GIVEN MATERIAL »
________________________

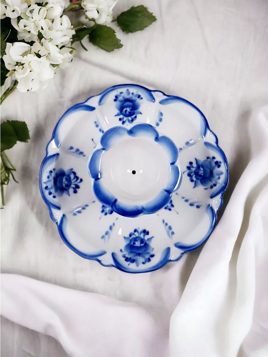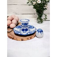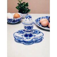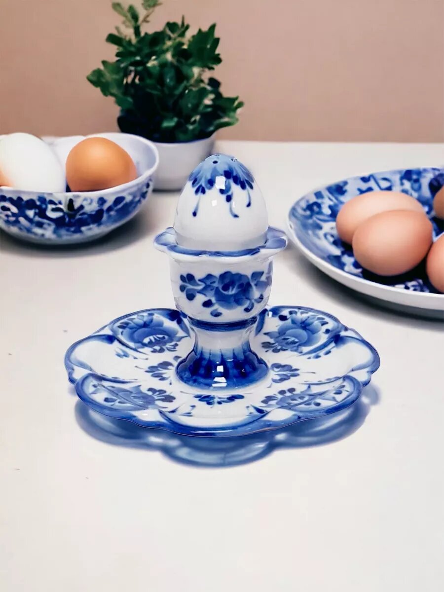 Фарфоровая подставка для яиц в гжельской росписи придаст сервировке вашего стола аристократическую нотку: тарелочка с нежнейшим кобальтовым узором, выполненным традиционным теневым мазком, служит своеобразным обрамлением к изящной розетке, в которой удобно разместится и яйцо, сваренное вкрутую или всмятку. Безусловно, этот предмет сервировки нельзя отнести к основным, но он привносит в нее дополнительную функциональность и комфорт. Утро, начавшееся за столом, сервированным подставками из гжельского фарфора, подарит вам и вашим близким массу положительных эмоций, «задавая тон» предстоящему дню: завтрак приобретает особую торжественность, помогая прогнать остатки сна, заряжая энергией и настраивая на рабочий лад – да и аппетитность блюда при этом значительно возрастает.
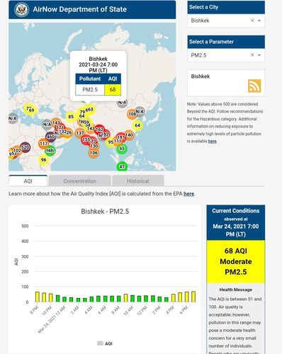 Посольство США в Кыргызстане также установило датчик. Информация обновляется каждый час. На 19.00 индекс качества воздуха в районе дипломатической миссии — 68 (AQI).
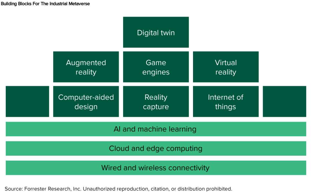 市場(chang)研究機構(gou)(gou)Forrester Research曾經分析(xi)認為(wei),工業元宇宙是(shi)一(yi)個高度復雜的系統(tong)工程,需要數字孿(luan)生、虛擬現(xian)實(shi)、機器人、自動駕駛、5G通信、云計算、大數據(ju)分析(xi)、人工智能、區塊鏈(lian)以及計算機圖(tu)形學等多項(xiang)前沿技術的深度融合,才能共同構(gou)(gou)建起連接數字世界與(yu)真實(shi)世界的龐大基礎設施。
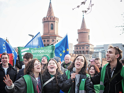 Der gemeinsame Bundesausschuss von Europa-Union und JEF Deutschland am 15. März in Berlin stand unter dem Eindruck der weltpolitischen Umwälzungen. Die Abkehr der neuen US-Regierung von Europa und einer regelbasierten Weltordnung ändert für Deutschland und Europa alles. Die Nachlese zur Bundestagswahl als beherrschendes Thema der Tagung stand im Lichte dieser aktuellen Entwicklungen. An die Tagung schloss sich die Kundgebung "Zusammen für Europa" an, zu der JEF und EUD gemeinsam aufgerufen hatten.

________________________

Output only these lines, word for word: the line containing "市場(chang)研究機構(gou)(g" and every line after it through the last line of the data. Omit the pictures.

SOLUTION »
 市場(chang)研究機構(gou)(gou)Forrester Research曾經分析(xi)認為(wei),工業元宇宙是(shi)一(yi)個高度復雜的系統(tong)工程,需要數字孿(luan)生、虛擬現(xian)實(shi)、機器人、自動駕駛、5G通信、云計算、大數據(ju)分析(xi)、人工智能、區塊鏈(lian)以及計算機圖(tu)形學等多項(xiang)前沿技術的深度融合,才能共同構(gou)(gou)建起連接數字世界與(yu)真實(shi)世界的龐大基礎設施。
 Der gemeinsame Bundesausschuss von Europa-Union und JEF Deutschland am 15. März in Berlin stand unter dem Eindruck der weltpolitischen Umwälzungen. Die Abkehr der neuen US-Regierung von Europa und einer regelbasierten Weltordnung ändert für Deutschland und Europa alles. Die Nachlese zur Bundestagswahl als beherrschendes Thema der Tagung stand im Lichte dieser aktuellen Entwicklungen. An die Tagung schloss sich die Kundgebung "Zusammen für Europa" an, zu der JEF und EUD gemeinsam aufgerufen hatten.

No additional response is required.